Task to complete:
Print the lines that run from the line with "[Huawei-GigabitEthernet0/0/1]ip address 192.168.2.254" to the line with "Sipas aktgjykimit të", keeping both end lines, exactly as they appear in the entries below, and nothing else.

(Source data)

****

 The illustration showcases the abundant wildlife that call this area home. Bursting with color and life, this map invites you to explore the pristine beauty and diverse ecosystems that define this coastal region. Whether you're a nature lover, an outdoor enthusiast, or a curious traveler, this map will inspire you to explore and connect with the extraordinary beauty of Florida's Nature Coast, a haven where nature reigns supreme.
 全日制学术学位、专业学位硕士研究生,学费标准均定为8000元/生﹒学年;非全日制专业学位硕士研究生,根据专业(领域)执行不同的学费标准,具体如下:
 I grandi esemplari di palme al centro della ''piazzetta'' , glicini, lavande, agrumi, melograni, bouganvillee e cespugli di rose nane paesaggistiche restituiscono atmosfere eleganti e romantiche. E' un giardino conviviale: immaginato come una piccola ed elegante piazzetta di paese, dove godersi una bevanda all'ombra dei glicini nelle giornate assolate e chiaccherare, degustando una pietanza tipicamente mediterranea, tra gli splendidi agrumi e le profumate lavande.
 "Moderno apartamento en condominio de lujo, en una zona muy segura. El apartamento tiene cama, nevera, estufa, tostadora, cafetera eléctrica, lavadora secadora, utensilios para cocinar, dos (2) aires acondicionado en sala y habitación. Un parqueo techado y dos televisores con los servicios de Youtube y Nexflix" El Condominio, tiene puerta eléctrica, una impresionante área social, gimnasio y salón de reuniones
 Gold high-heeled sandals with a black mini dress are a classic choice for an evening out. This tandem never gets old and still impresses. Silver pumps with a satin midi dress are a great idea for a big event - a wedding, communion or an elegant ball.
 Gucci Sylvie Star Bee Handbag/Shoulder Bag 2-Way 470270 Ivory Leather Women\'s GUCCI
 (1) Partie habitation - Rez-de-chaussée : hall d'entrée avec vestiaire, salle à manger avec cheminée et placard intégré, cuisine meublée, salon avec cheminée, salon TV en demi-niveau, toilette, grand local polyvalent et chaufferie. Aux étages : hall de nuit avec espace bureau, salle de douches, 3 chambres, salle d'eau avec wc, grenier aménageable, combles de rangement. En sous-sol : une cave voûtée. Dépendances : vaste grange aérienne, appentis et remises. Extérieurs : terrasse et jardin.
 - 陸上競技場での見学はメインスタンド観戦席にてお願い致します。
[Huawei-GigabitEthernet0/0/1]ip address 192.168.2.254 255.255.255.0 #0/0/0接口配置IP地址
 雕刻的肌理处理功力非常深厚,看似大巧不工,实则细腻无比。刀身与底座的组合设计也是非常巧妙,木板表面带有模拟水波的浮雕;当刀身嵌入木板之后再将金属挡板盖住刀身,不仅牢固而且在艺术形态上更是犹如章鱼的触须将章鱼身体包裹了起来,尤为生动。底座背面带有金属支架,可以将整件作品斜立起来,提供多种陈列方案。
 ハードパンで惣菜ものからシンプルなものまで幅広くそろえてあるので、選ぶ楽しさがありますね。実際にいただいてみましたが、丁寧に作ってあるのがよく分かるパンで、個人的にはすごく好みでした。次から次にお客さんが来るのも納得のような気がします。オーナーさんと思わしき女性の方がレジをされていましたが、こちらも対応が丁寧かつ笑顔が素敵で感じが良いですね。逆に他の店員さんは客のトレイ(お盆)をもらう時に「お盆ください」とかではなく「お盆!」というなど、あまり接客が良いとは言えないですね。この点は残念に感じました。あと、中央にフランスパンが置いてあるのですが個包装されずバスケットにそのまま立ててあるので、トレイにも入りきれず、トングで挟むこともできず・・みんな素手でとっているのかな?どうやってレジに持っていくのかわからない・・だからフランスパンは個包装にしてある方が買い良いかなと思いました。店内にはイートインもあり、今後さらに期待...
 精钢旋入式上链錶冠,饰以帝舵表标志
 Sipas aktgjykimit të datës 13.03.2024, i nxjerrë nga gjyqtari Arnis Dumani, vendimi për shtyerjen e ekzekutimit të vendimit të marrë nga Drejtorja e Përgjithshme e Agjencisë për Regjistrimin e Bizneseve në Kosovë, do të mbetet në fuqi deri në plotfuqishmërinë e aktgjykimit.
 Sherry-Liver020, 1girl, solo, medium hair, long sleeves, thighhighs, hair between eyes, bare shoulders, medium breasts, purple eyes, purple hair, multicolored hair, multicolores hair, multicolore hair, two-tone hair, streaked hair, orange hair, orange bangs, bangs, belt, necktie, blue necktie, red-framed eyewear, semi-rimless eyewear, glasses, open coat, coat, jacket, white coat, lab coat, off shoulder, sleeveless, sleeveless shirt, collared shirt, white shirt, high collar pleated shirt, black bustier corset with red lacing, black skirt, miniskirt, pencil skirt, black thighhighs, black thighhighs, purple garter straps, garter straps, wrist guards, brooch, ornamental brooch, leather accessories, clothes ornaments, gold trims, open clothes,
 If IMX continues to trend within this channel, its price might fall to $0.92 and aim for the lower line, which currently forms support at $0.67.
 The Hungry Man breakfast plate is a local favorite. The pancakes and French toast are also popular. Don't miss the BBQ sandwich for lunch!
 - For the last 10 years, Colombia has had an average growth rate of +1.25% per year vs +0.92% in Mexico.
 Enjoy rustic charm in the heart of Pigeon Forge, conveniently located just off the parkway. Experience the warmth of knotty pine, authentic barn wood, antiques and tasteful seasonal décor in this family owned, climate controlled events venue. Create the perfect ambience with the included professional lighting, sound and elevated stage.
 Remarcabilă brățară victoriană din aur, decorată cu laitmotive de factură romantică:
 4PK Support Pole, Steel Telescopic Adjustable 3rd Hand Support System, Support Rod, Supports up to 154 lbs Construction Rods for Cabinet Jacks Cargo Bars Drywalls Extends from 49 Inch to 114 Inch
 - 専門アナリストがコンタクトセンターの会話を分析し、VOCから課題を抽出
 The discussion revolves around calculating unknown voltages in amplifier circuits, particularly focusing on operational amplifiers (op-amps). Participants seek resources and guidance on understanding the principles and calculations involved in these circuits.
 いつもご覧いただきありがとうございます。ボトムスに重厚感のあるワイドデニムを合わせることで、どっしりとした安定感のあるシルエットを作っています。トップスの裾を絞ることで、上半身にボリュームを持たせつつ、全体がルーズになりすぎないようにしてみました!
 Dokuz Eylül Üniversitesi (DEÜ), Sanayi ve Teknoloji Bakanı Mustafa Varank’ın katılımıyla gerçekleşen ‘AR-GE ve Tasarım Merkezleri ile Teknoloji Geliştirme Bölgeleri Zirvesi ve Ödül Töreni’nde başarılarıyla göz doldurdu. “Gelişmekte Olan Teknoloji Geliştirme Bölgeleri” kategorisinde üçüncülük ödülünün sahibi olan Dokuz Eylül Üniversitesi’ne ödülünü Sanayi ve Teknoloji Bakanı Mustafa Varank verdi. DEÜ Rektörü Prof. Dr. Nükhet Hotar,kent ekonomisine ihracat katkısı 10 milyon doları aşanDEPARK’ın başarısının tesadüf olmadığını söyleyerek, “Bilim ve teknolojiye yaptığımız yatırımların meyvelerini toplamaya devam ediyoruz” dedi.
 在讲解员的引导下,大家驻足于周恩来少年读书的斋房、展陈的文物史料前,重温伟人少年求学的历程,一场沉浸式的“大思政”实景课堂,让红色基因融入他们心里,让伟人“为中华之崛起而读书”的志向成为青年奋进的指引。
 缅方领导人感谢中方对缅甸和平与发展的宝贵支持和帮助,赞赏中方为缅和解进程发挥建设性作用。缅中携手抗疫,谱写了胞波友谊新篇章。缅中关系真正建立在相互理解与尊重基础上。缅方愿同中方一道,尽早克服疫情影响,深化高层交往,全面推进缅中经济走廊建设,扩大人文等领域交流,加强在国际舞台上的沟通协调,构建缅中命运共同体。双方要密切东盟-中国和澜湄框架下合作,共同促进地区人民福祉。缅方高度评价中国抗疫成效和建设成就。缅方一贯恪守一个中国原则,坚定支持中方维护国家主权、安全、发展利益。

****

Solution for this task:
[Huawei-GigabitEthernet0/0/1]ip address 192.168.2.254 255.255.255.0 #0/0/0接口配置IP地址
 雕刻的肌理处理功力非常深厚,看似大巧不工,实则细腻无比。刀身与底座的组合设计也是非常巧妙,木板表面带有模拟水波的浮雕;当刀身嵌入木板之后再将金属挡板盖住刀身,不仅牢固而且在艺术形态上更是犹如章鱼的触须将章鱼身体包裹了起来,尤为生动。底座背面带有金属支架,可以将整件作品斜立起来,提供多种陈列方案。
 ハードパンで惣菜ものからシンプルなものまで幅広くそろえてあるので、選ぶ楽しさがありますね。実際にいただいてみましたが、丁寧に作ってあるのがよく分かるパンで、個人的にはすごく好みでした。次から次にお客さんが来るのも納得のような気がします。オーナーさんと思わしき女性の方がレジをされていましたが、こちらも対応が丁寧かつ笑顔が素敵で感じが良いですね。逆に他の店員さんは客のトレイ(お盆)をもらう時に「お盆ください」とかではなく「お盆!」というなど、あまり接客が良いとは言えないですね。この点は残念に感じました。あと、中央にフランスパンが置いてあるのですが個包装されずバスケットにそのまま立ててあるので、トレイにも入りきれず、トングで挟むこともできず・・みんな素手でとっているのかな?どうやってレジに持っていくのかわからない・・だからフランスパンは個包装にしてある方が買い良いかなと思いました。店内にはイートインもあり、今後さらに期待...
 精钢旋入式上链錶冠,饰以帝舵表标志
 Sipas aktgjykimit të datës 13.03.2024, i nxjerrë nga gjyqtari Arnis Dumani, vendimi për shtyerjen e ekzekutimit të vendimit të marrë nga Drejtorja e Përgjithshme e Agjencisë për Regjistrimin e Bizneseve në Kosovë, do të mbetet në fuqi deri në plotfuqishmërinë e aktgjykimit.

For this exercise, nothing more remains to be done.